Irish Elegance (7 March 1915 – February 1940) was a British racehorse and sire. A non-Thoroughbred horse who excelled at sprint distances and carried big weights to victory in major handicap races, he has been described as Britain's "greatest handicapper and second best sprinter" of the 20th century.

==Background==
Irish Elegance was large, powerful, exceptionally good-looking chestnut with white socks on his hind legs bred by A Frogley and foaled on 7 March 1915. He was not a Thoroughbred: his damsire Clorane was descended from a "half-bred" mare whose ancestry was not recorded in the General Stud Book. His sire, Sir Archibald, won the New Stakes and finished second in the 2000 Guineas. His dam Sweet Clorane also produced Cloringo, a steeplechaser who won the National Hunt Chase Challenge Cup at Cheltenham in 1926. The colt was sent into training with Harry Cottrill who trained at Tarporley in Cheshire before moving south to Foxhill, Wiltshire in 1919. Irish Elegance was named after a variety of tea rose.

As a two-year-old, Irish Elegance did not race but showed considerable promise in training. He was bought for £2000 by Mr Thorburn, who later sold him for £9000 to the financier James White.

==Racing career==

===1918: three-year-old season===
In June 1918, Irish Elegance ran at Newmarket in the Cambridgeshire Hunt Cup, a wartime substitute race for Royal Ascot's Royal Hunt Cup, and won "in a canter" by two lengths in a time of 1:24.8. He then won the July Cup over six furlongs at Newmarket. In October he finished third of the twenty-two runners behind Zinovia and Dansellon in the Cambridgeshire Handicap, apparently failing to stay the nine furlong distance.
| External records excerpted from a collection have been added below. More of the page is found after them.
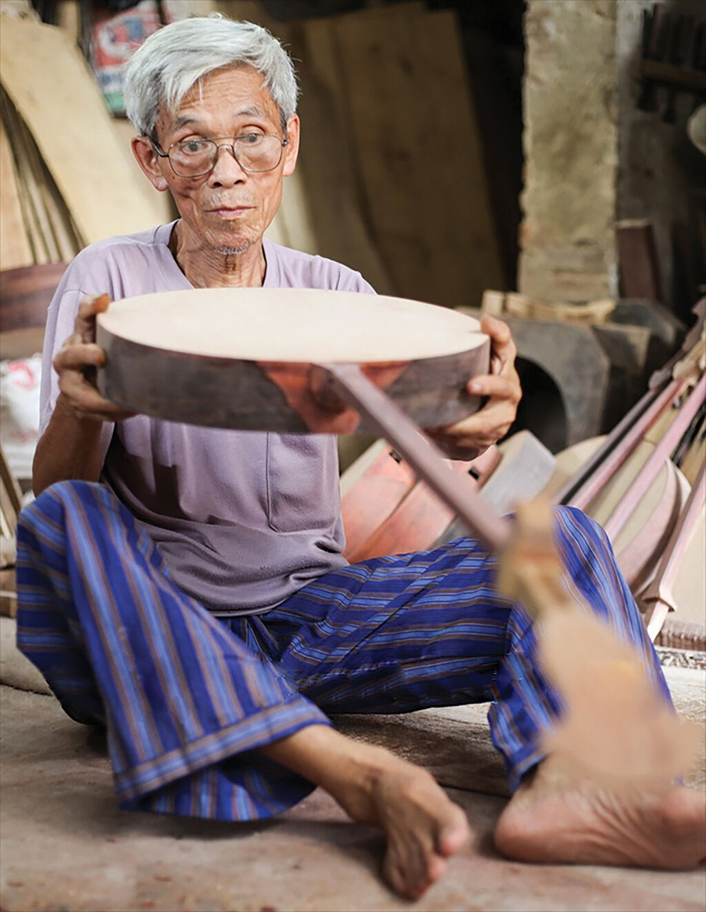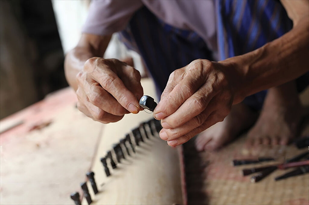 The making of an instrument by hand consists of several steps which require diligence, meticulousness, passion and love as well as experiences of a craftsman. It may take a month, even months, for a maker to finish a single instrument. Take the ty ba for example, a single piece of Chinese parasol tree timber needs to be collected and then dried for two to three years before it can be used. Next, a number of steps have to be followed, including splitting, carving and sanding, to shape the body, make the neck, and install strings. It is then sanded again and inlaid with mother-of-pearl. The instrument must have its sound tested before given to its owner.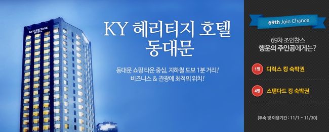 이번 회차에 선정된 KY 헤리지티 호텔 동대문은 2,4,5호선이 만나는 동대문 역사 문화 공원 역 1분 거리에 위치해 편안한 교통시설과 평균 27.1㎡의 여유로운 객실 크기를 자랑한다. 또한 호텔 외부에는 동대문 디자인 플라자, 밀리오레, 두산타워, 청계천, 경복궁 등 다양한 쇼핑 및 관광 시설이 있으며 내부에는 객실 외에 비즈니스 센터와 회의실이 마련되어 있어 쇼핑과 관광, 비즈니스를 할 수 있는 최적의 공간이다.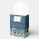 Elegant bridal shower favour box featuring pretty string lights and delicate watercolor leaves framing the brides to be's name and special date set in modern typography on a rustic blue wood background. You can personalize it with your own thank you message under the lid. A perfect way to say thank you to your guests! Designed by Thisisnotme©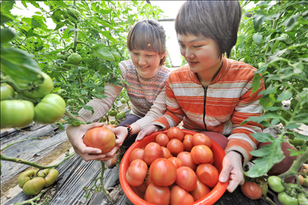 溫室大棚內(nèi)。瞧,我摘的西紅柿。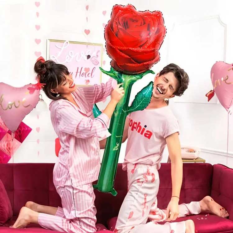 Naše balóny v tvare ruže vyrobené z vysoko kvalitnej fólie majú výraznú textúru, silnú vzduchotesnosť a ťažko sa zlomia. Na rozdiel od bežných balónov sú ich živé ružové tvary atraktívnejšie, vhodné pre všetky situácie a sú veľmi obľúbené u predajcov a spotrebiteľov. Či už je to festival, svadba alebo propagácia značky, získa veľkú pozornosť a predaj.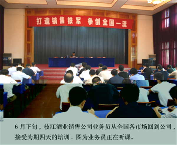 6月下旬,枝江酒業(yè)銷售公司業(yè)務(wù)員從全國(guó)各市場(chǎng)回到公司,接受為期四天的培訓(xùn)。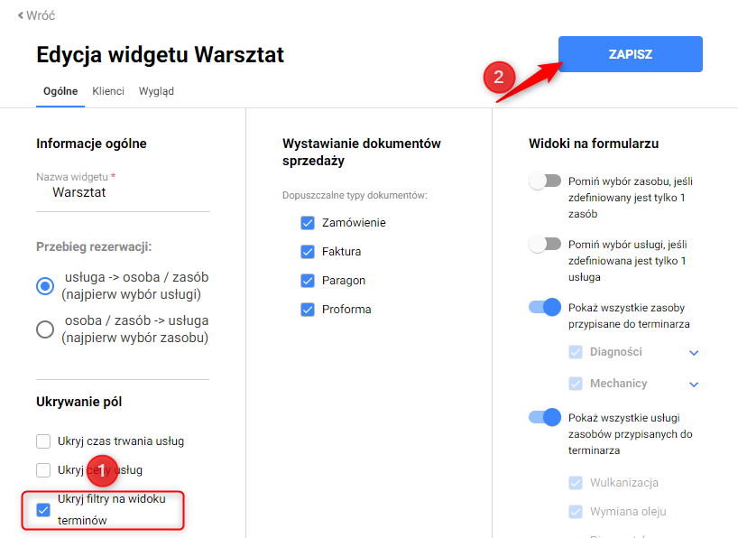 Aplikacja zarezerwuj.pl umożliwia klientom rezerwację usług z wykorzystaniem formularza na stronie www lub w nowym oknie. Podczas tworzenia formularza, użytkownik ma możliwość ukrycia pól związanych z filtrowaniem widoku terminów. W tym celu należy: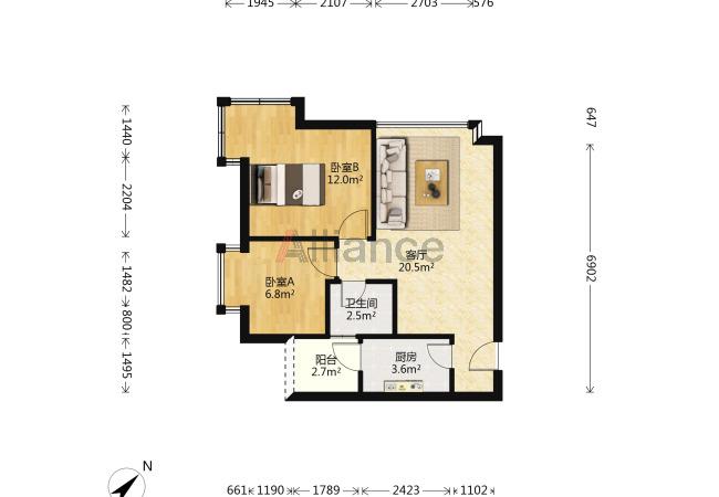 建面:61平方,二房一厅一卫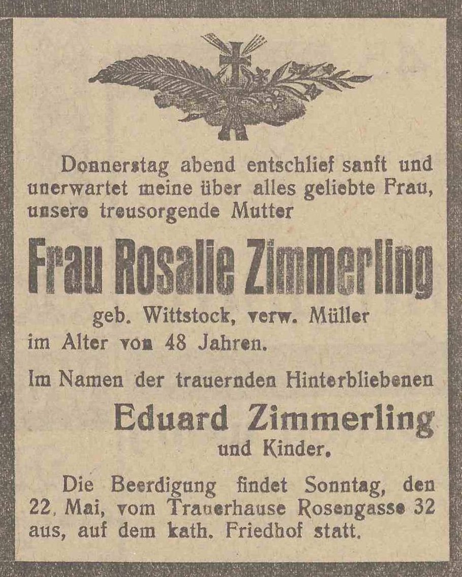 Kitowski, Anna, geb. Alberktzi, Ww. Schibjorowski, Herm., Zimmermann. Zimmerling, Anna, geb. Godlewski, Ww.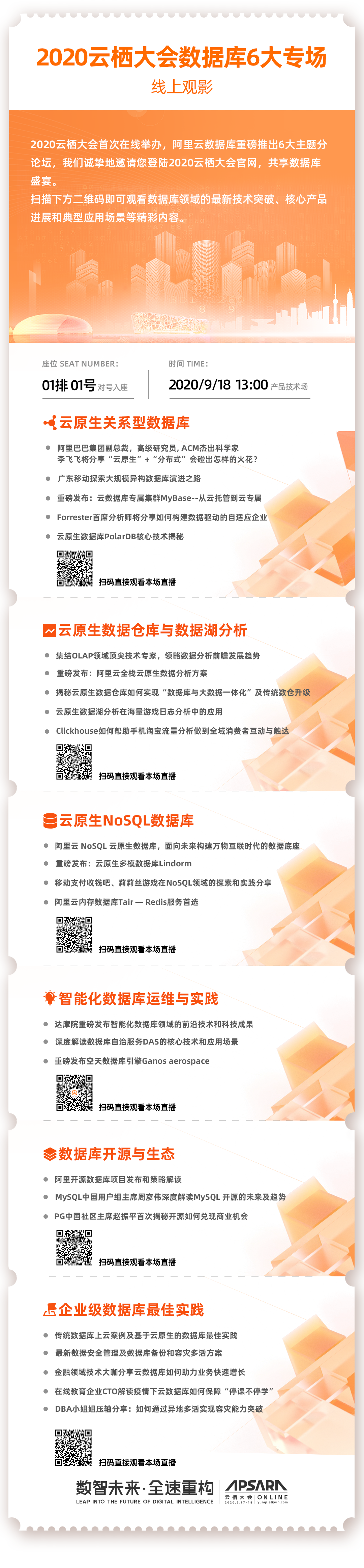 2020云栖大会于9月17-18日首次在线举办。阿里云数据库将于9月18日13点重磅推出6大主题分论坛,数十位业内顶级专家、行业客户和分析员现身直播,期待与大家共同分享、交流、提高、解惑。
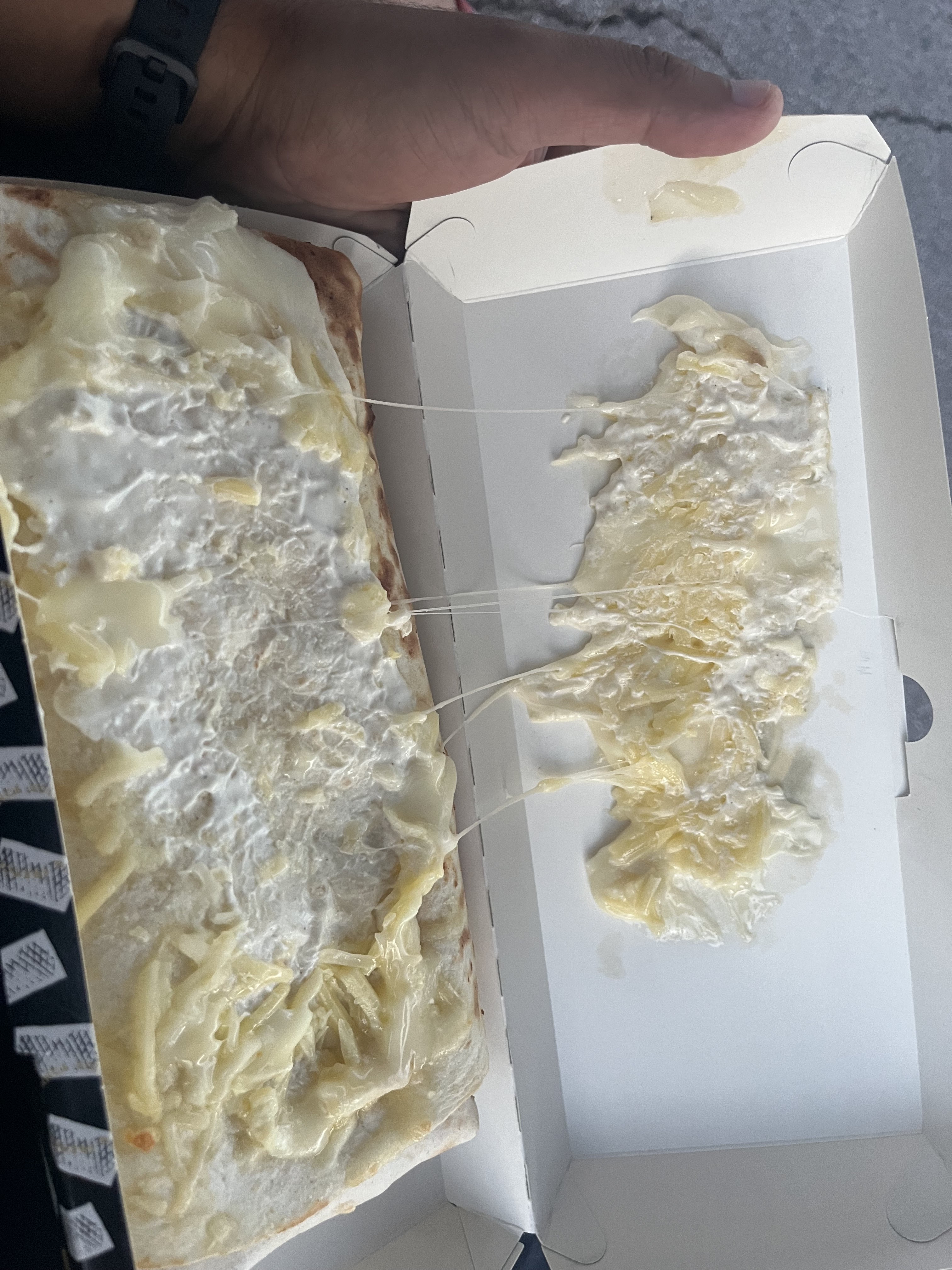 Le gratinée du tacos est tout collé à la boîte, poulet trop salé, je n’ai pas eu mon supplément reblochon à l’intérieur … pas terrible pour le prix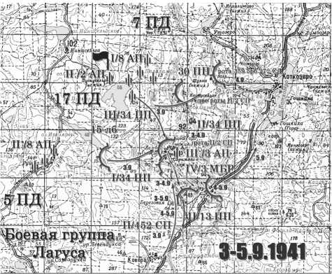Ранним утром 3 сентября боевая группа Перк-сало при поддержке артгруппы Раурамо (три артдивизиона – восемь 122-мм (сов.), четыре 114-мм (брит.) гаубиц, шестнадцать 84-мм (брит.), восемь 76-мм (сов.) пушек) атаковала позиции моряков и ополченцев на стыке групп Цветаева и Антонюка. Застава, оборонявшая высоты 49,1 и 52,4, отошла под натиском противника в район Сармяги. 2-й батальон ополченцев вступил в бой за Конду-Сельгу и Ильину Гору. Моряки вели бой в полуокружении, обороняя Сармяги и Уткину Гору. Им на помощь был выдвинут последний резерв Южной группы – 2-й батальон 452-го мотострелкового полка (160 человек). 4-я и 5-я роты усилили ополченцев и моряков, а 6-я заняла оборону в Торосозере. Группа Перксало неоднократно атаковала Ильину Гору, Вехку-Сельгу, Сармяги, но успеха не имела. К исходу дня моряки и ополченцы удерживали рубеж: мельница – Ильина Гора – Вехку-Сельга – Сармя-ги16. В ожесточенных боях за Сармяги 3-й АДН и бронеавтомобили моряков подбили несколько танков противника. В ходе боя были ранены командир батальона старший лейтенант А. Смирнов и комиссар батальона старший политрук В. Приставка. Командование батальоном принял командир 3-й роты лейтенант П. А. Анохин.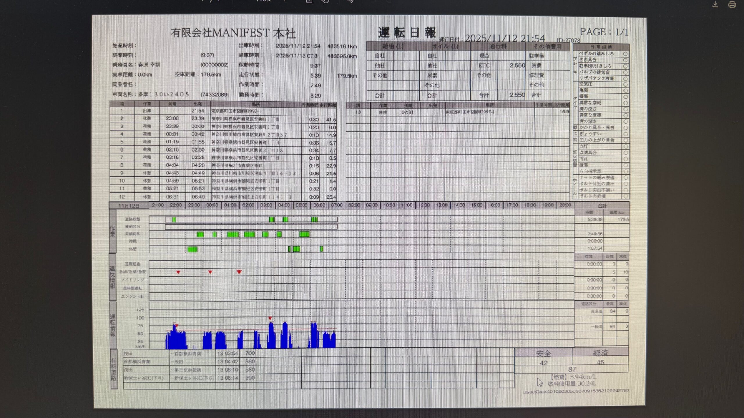 デジタコの日報の点数が90点以下でしたm(_ _)m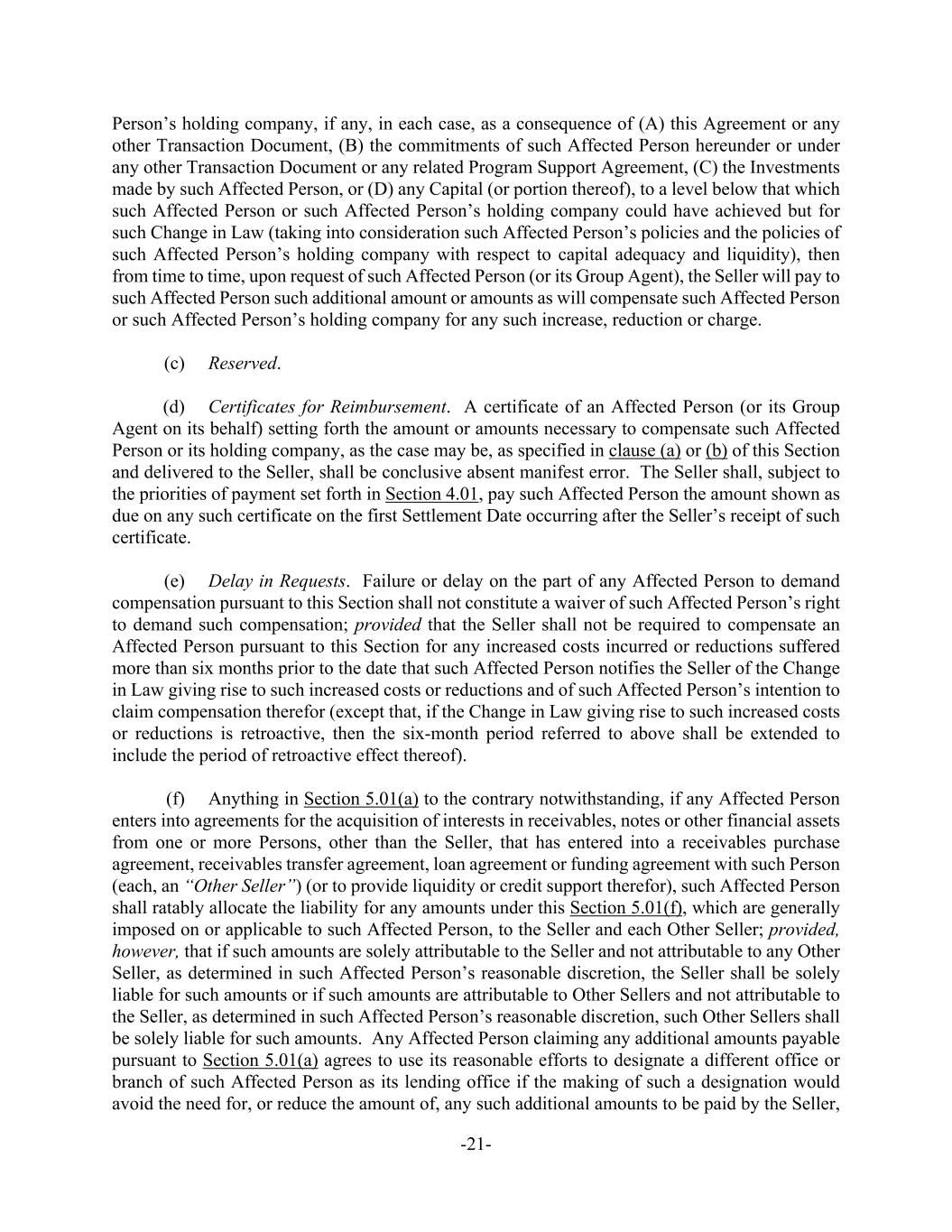 -21-个人的控股公司(如有),在每种情况下,由于(a)本协议或任何其他交易文件,(b)该受影响人根据本协议或任何其他交易文件或任何相关计划支持协议作出的承诺,(c)该受影响人作出的投资,或(d)任何资本(或其部分),至低于该受影响人士或该受影响人士的控股公司若无此类法律变更本可达到的水平(考虑到该受影响人士的政策以及该受影响人士的控股公司在资本充足率和流动性方面的政策),然后不时应该受影响人士(或其集团代理人)的要求,卖方将向该受影响人士支付额外金额,以补偿该受影响人士或该受影响人士的控股公司的任何此类增加、减少或收费。(c)保留。(d)报销证明。受影响人士(或其代表的集团代理人)的证明书,载列本条(a)或(b)条所指明的补偿该受影响人士或其控股公司(视属何情况而定)所需的一项或多于一项的金额,并交付予卖方,在没有明显错误的情况下,即为结论性证明。卖方应根据第4.01节规定的付款优先顺序,在卖方收到此类证书后发生的第一个结算日向该受影响的人支付任何此类证书上显示的到期金额。(e)请求延误。任何受影响人士未能或迟延根据本条要求赔偿,并不构成放弃该受影响人士要求该等赔偿的权利;但卖方无须根据本条向受影响人士赔偿在该受影响人士通知卖方导致该等增加的费用或减少的法律变更及该受影响人士打算就此要求赔偿的日期前超过六个月所招致或遭受的任何增加的费用或减少(但,如果导致这种增加的费用或减少的法律变更具有追溯力,则应延长上述六个月的期限,以包括其追溯效力的期限)。(f)尽管有第5.01(a)条中的任何相反规定,但如任何受影响人士订立协议,从一名或多于一名人士(卖方除外)处取得应收款、票据或其他金融资产的权益,而该人士已与该人士(各自称为“其他卖方”)订立应收款购买协议、应收款转让协议、贷款协议或融资协议(或为此提供流动性或信贷支持),则该受影响人士须按比例分配本条第5.01(f)条项下的任何金额的负债,而该等金额一般施加于该受影响人士或适用于该受影响人士,对卖方和其他卖方;但前提是,如果该等金额完全归属于卖方而不是归属于任何其他卖方,由该受影响人的合理酌情权确定,则卖方应对该等金额承担全部责任,或者如果该等金额归属于其他卖方而不是归属于卖方,则由该受影响人的合理酌情权确定,则该等其他卖方应对该等金额承担全部责任。任何声称根据第5.01(a)节应支付的任何额外款项的受影响人同意使用其合理努力指定该受影响人的不同办事处或分支机构作为其贷款办事处,如果作出此类指定将避免需要或减少卖方应支付的任何此类额外款项的金额,

===1919: four-year-old season===
On 14 June 1919, Irish Elegance won the Salford Borough Handicap by six lengths under a weight of 135 pounds. Four days later he carried 137 pounds in the Royal Hunt Cup against 25 opponents. The Royal Ascot meeting on 1919 was said to mark a "revival of pre-war splendour", with a record crowd which included King George V and Queen Mary. Irish Elegance started joint-favourite with the King's horse Jutland and won easily after leading from the start, setting a record for the highest weight ever carried to victory in the race. At Goodwood Racecourse on 29 July he was assigned a weight of 142 pounds in the Stewards' Cup and finished second to King Sol. Irish Elegance was beaten three-quarters of a length by the winner, to whom he was conceding forty-four pounds and appeared to be a rather unlucky loser, having lost ground at the start. By this time he was acknowledged as the best horse in England at distances up to a mile and "the most famous horse of the era".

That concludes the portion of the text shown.